- WHAT YOU SHOULD DO: When duplicating the records beneath this instruction, omit every picture and keep all else exact.

- RECORDS TO USE:
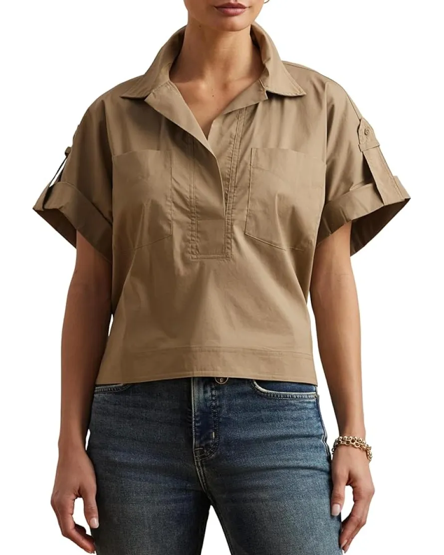 - Look bold and baggy wearing the Lauren Ralph Lauren® Cotton Blend Short Sleeve Camp Shirt. Designed with a roomy, collared neckline, relaxed silhouette and short roll-tab sleeves, this camp shirt is an effortless addition to your wardrobe. Detailed with patch pockets at the chest, it’s crafted with a lightweight stretch-cotton blend for a silky hand feel.
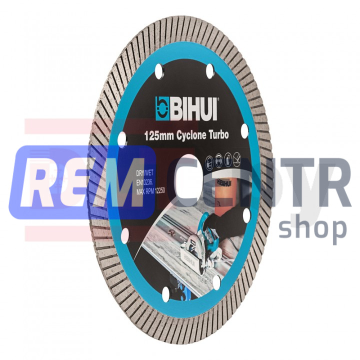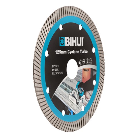 Алмазный диск BIHUI Cyclone Turbo это тонкий диск (толщина 1,5мм) с непрерывной кромкой для деликатной резки керамогранита и твёрдой керамики. Пригоден для сухого и мокрого реза на высокооборотистых станках.
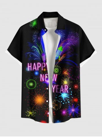 Short Sleeves Shirts > Plus Size New Years Party Colorful Fireworks Letters Print Buttons Pocket Shirt For Men
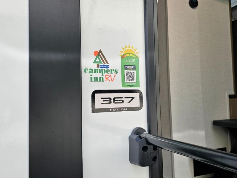 The Fuzion Impact Edition 367 blends rugged hauling power with residential comfort. With a 14' garage, loft, and both a full and half bath, this tandem-axle toy hauler is built to take your toys along for the ride while keeping your family or friends comfortable on every adventure.
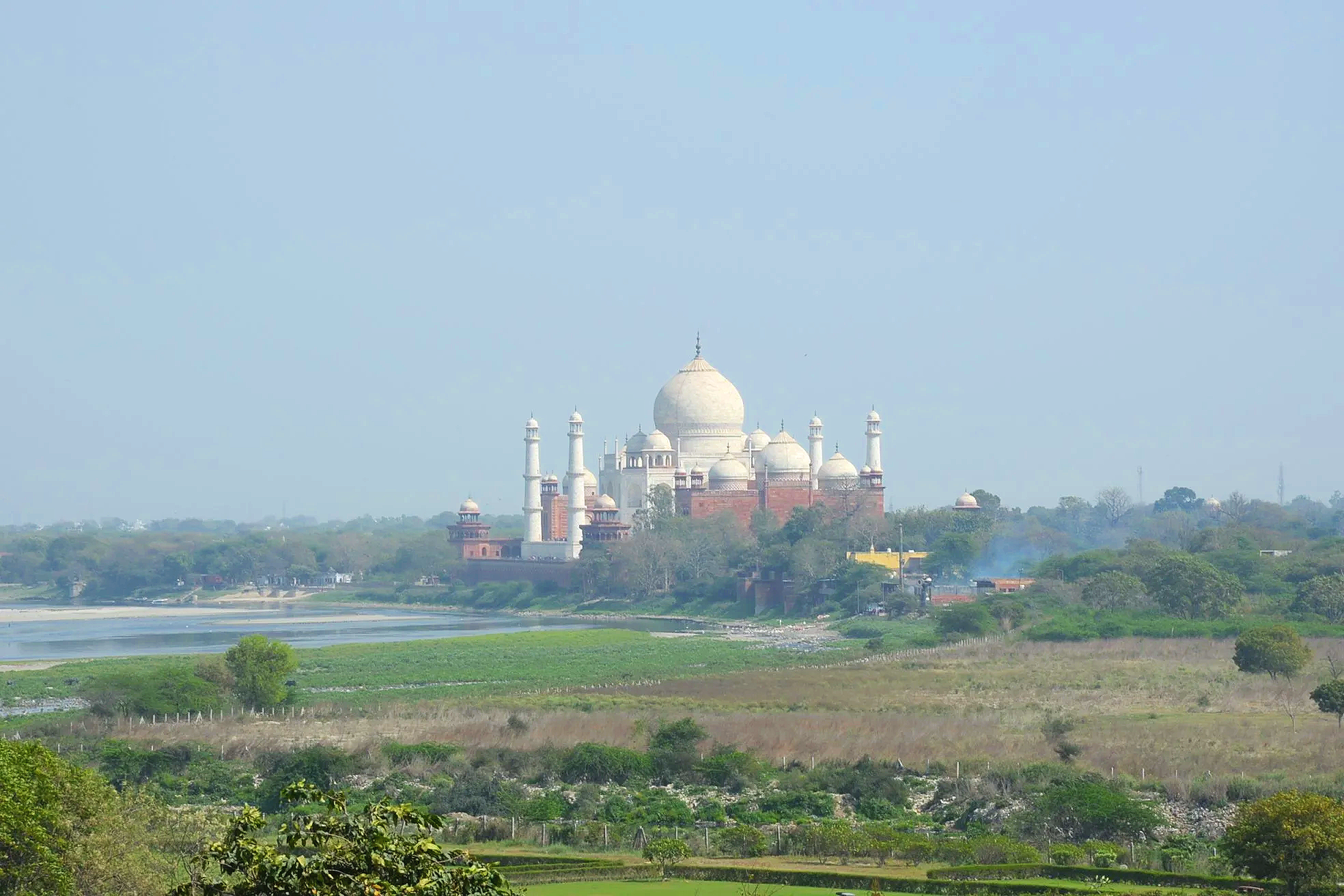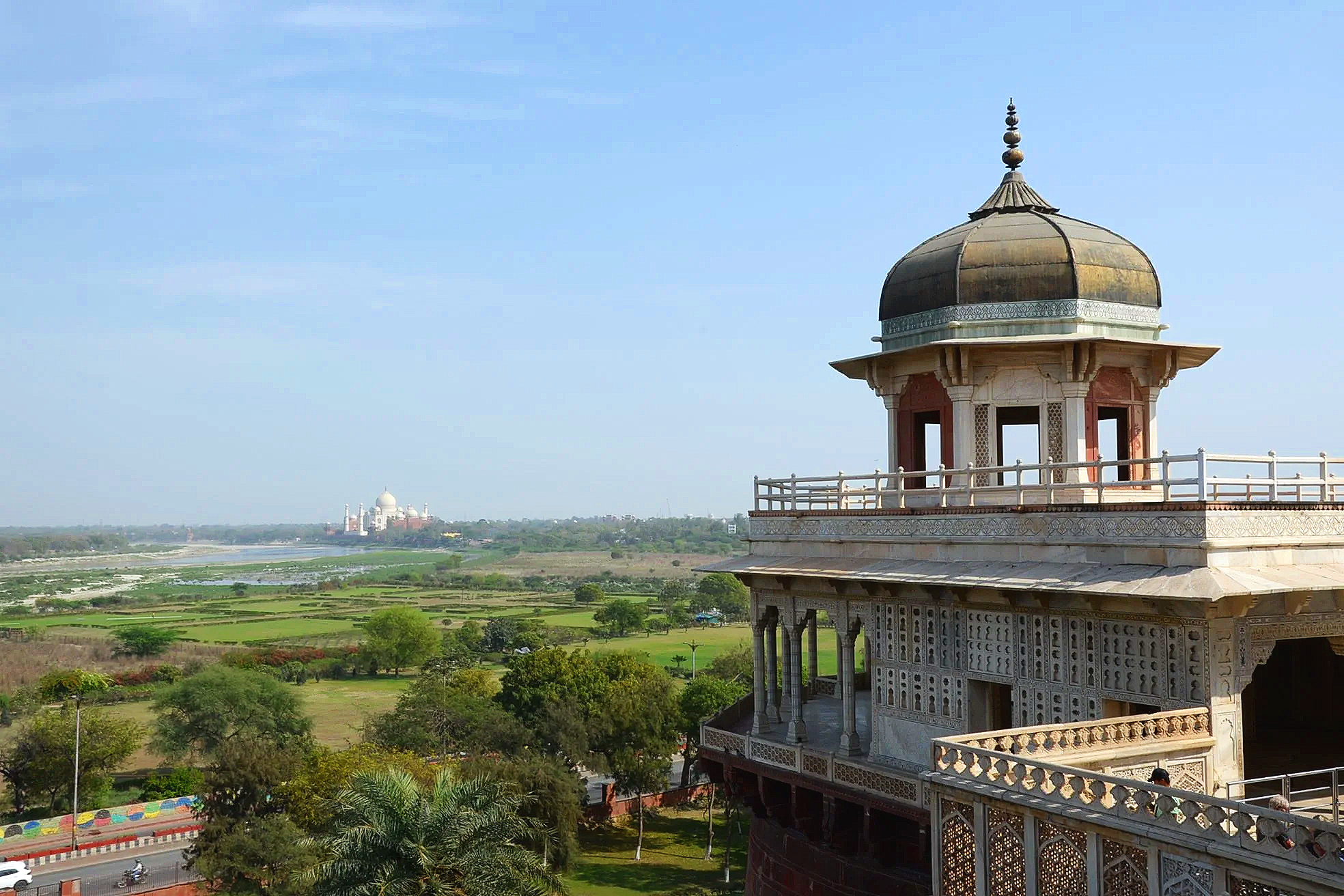Looking out over the Khas Mahal toward the Taj Mahal.
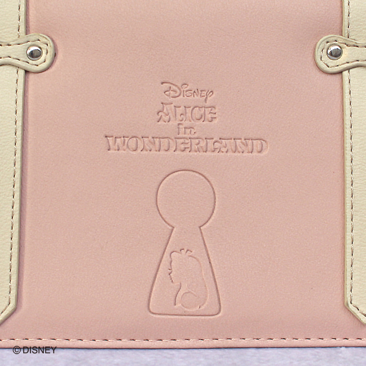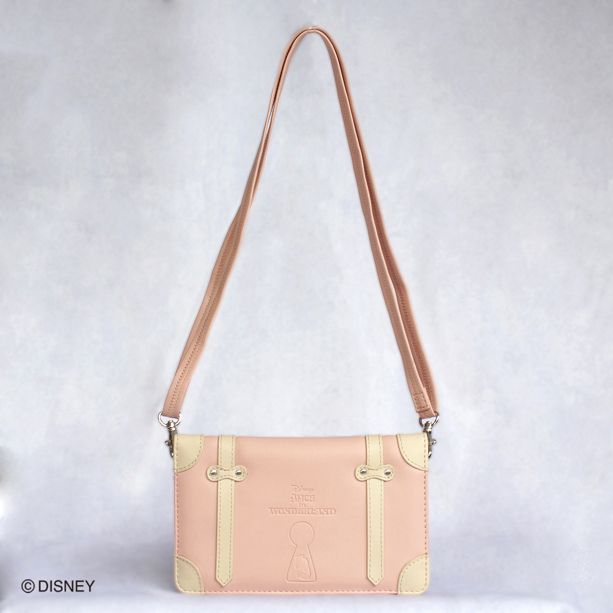 鍵穴から覗くアリスの型押しがポイントのマルチショルダーケース。
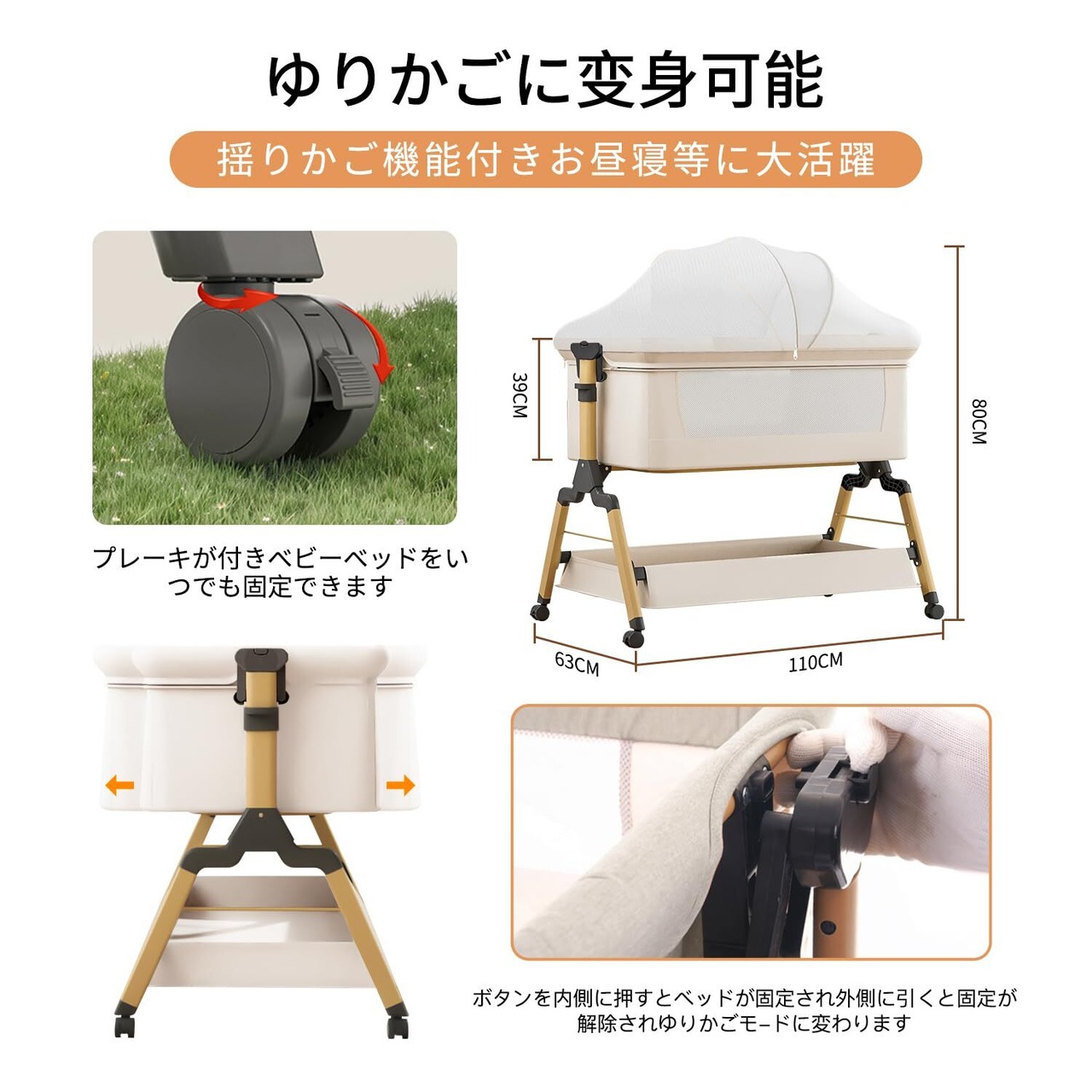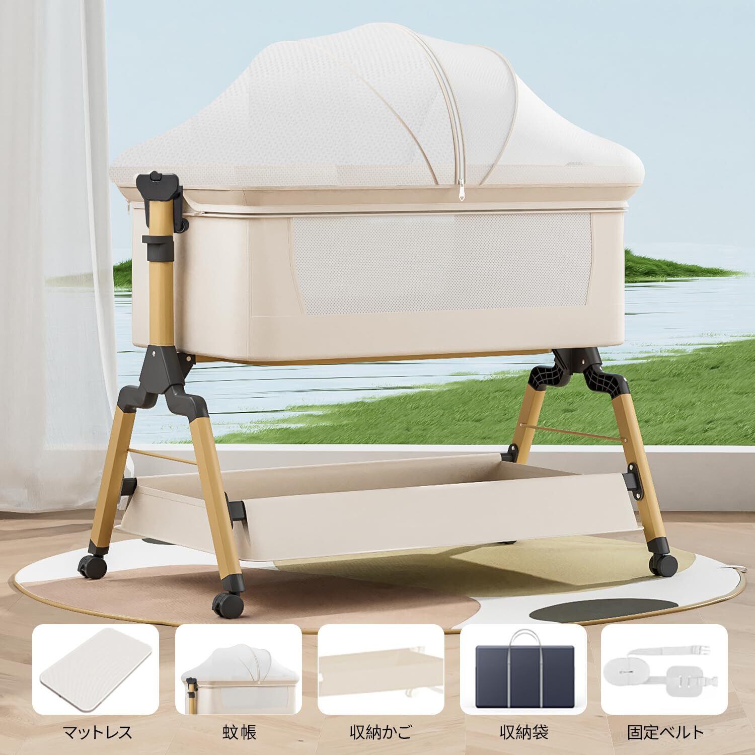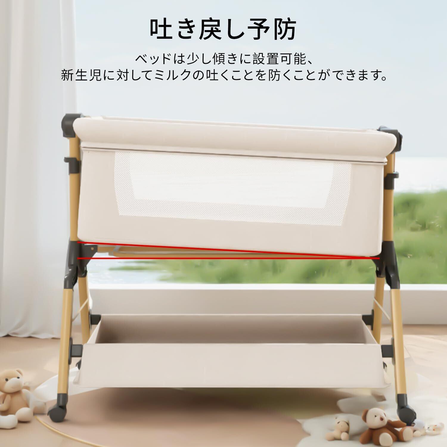 【高さ調節可能・ゆりかごに変身可能】高さ3段階調節可能で、各高度の大人ベッドにくっつけてご利用可能です。ーベッドは斜めの調節可能で、新生児に対してミルクの吐くことを防ぐことができます。三角形の構造+ 4点ポジショニングサポートはピラミッドと同じくらい安定しています。固定ベルト付き、大人ベッドから離れを防ぐ、くっつける可能、更に安定、安心。揺りかご機能付き、わずかな揺れで赤ちゃんはすぐに眠りにおちます。
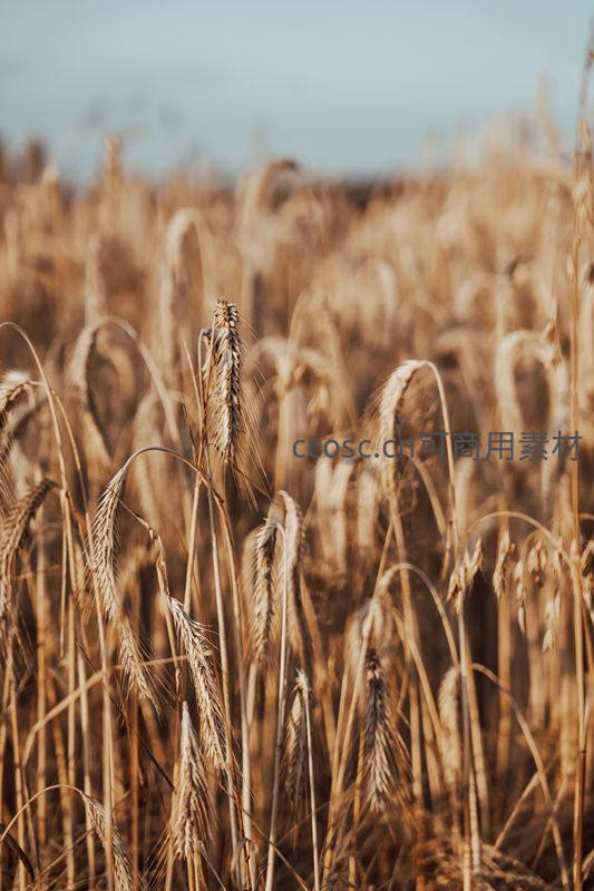 成熟的麦田在夕阳下泛着温暖的金光,沉甸甸的麦穗随风摇曳,构成一幅宁静而丰饶的田园风光图景。
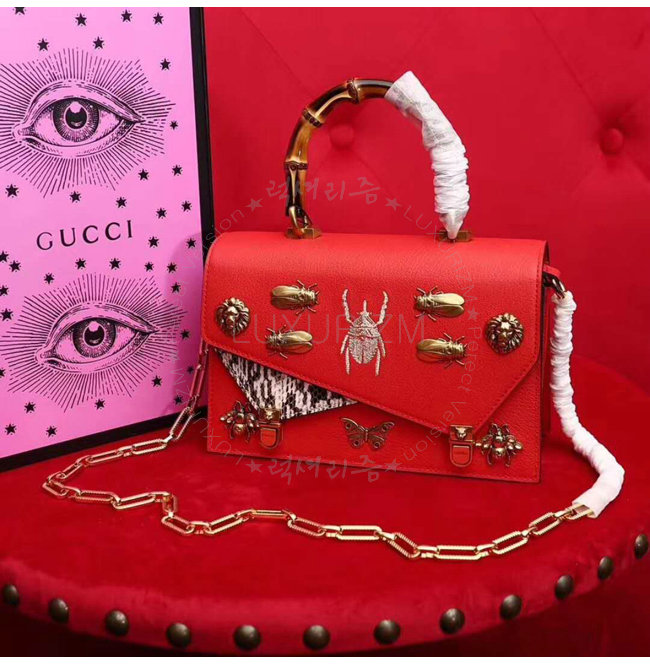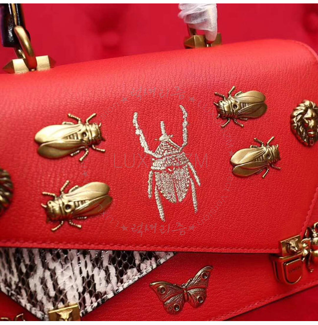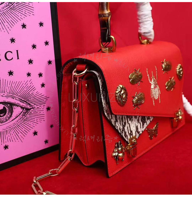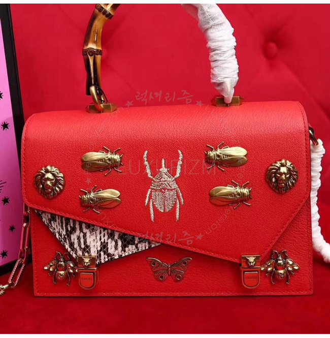[스페셜오더]GUCCI-488715 8240 구찌 애니멀 스터드 레드 가죽 탑 핸들 백
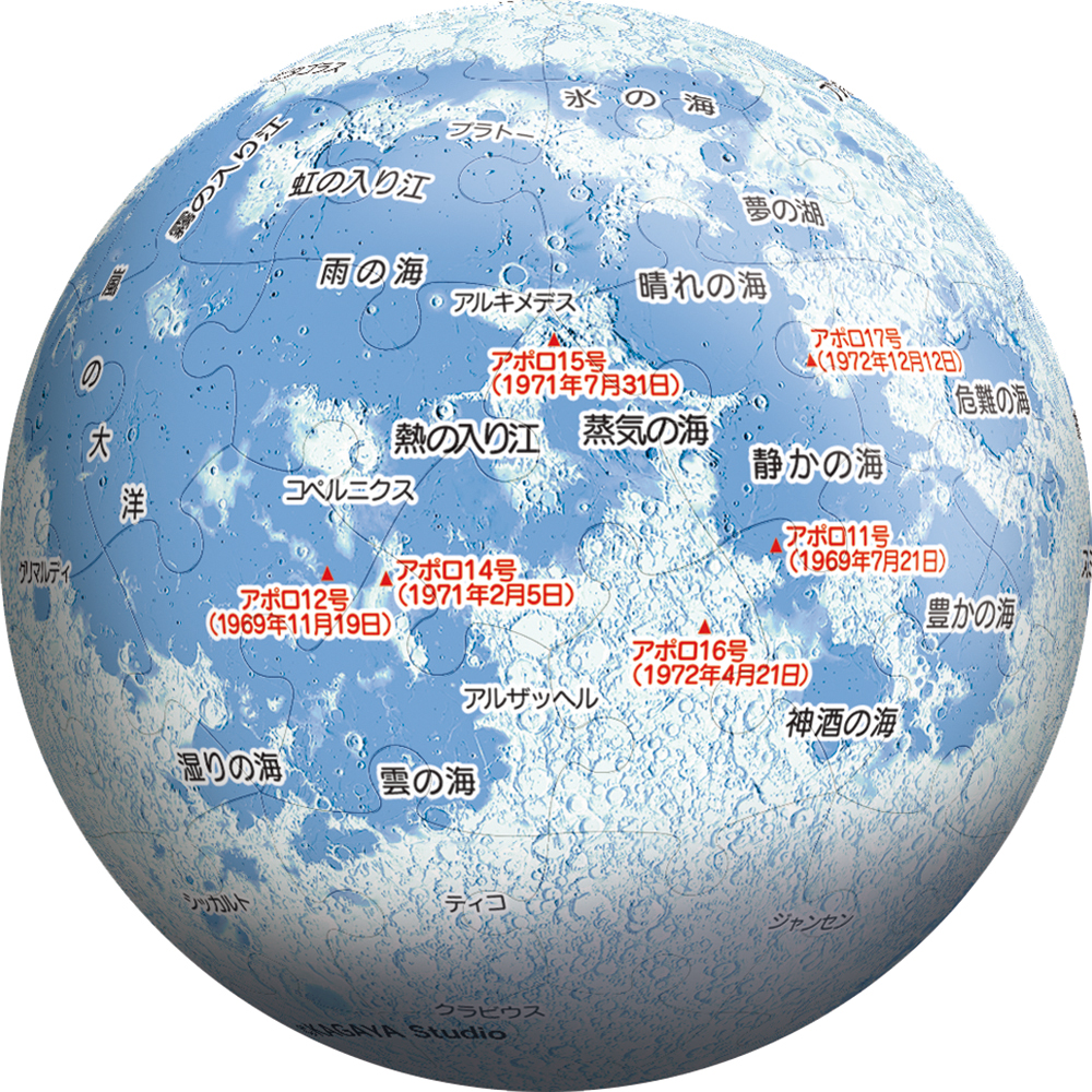 月の表面にある「海」と呼ばれる黒っぽい平らな部分の名も記載されています。
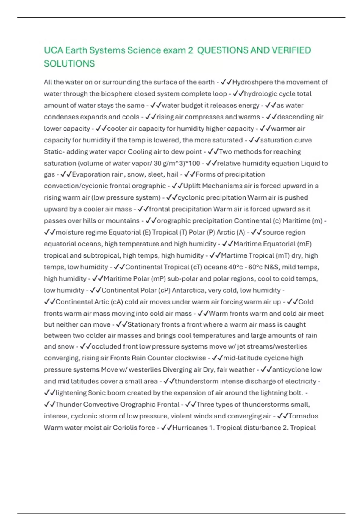 UCA Earth Systems Science exam 2 QUESTIONS AND VERIFIED

- YOUR SOLUTION:
 - Look bold and baggy wearing the Lauren Ralph Lauren® Cotton Blend Short Sleeve Camp Shirt. Designed with a roomy, collared neckline, relaxed silhouette and short roll-tab sleeves, this camp shirt is an effortless addition to your wardrobe. Detailed with patch pockets at the chest, it’s crafted with a lightweight stretch-cotton blend for a silky hand feel.
 Алмазный диск BIHUI Cyclone Turbo это тонкий диск (толщина 1,5мм) с непрерывной кромкой для деликатной резки керамогранита и твёрдой керамики. Пригоден для сухого и мокрого реза на высокооборотистых станках.
 Short Sleeves Shirts > Plus Size New Years Party Colorful Fireworks Letters Print Buttons Pocket Shirt For Men
 The Fuzion Impact Edition 367 blends rugged hauling power with residential comfort. With a 14' garage, loft, and both a full and half bath, this tandem-axle toy hauler is built to take your toys along for the ride while keeping your family or friends comfortable on every adventure.
Looking out over the Khas Mahal toward the Taj Mahal.
 鍵穴から覗くアリスの型押しがポイントのマルチショルダーケース。
 【高さ調節可能・ゆりかごに変身可能】高さ3段階調節可能で、各高度の大人ベッドにくっつけてご利用可能です。ーベッドは斜めの調節可能で、新生児に対してミルクの吐くことを防ぐことができます。三角形の構造+ 4点ポジショニングサポートはピラミッドと同じくらい安定しています。固定ベルト付き、大人ベッドから離れを防ぐ、くっつける可能、更に安定、安心。揺りかご機能付き、わずかな揺れで赤ちゃんはすぐに眠りにおちます。
 成熟的麦田在夕阳下泛着温暖的金光,沉甸甸的麦穗随风摇曳,构成一幅宁静而丰饶的田园风光图景。
[스페셜오더]GUCCI-488715 8240 구찌 애니멀 스터드 레드 가죽 탑 핸들 백
 月の表面にある「海」と呼ばれる黒っぽい平らな部分の名も記載されています。
 UCA Earth Systems Science exam 2 QUESTIONS AND VERIFIED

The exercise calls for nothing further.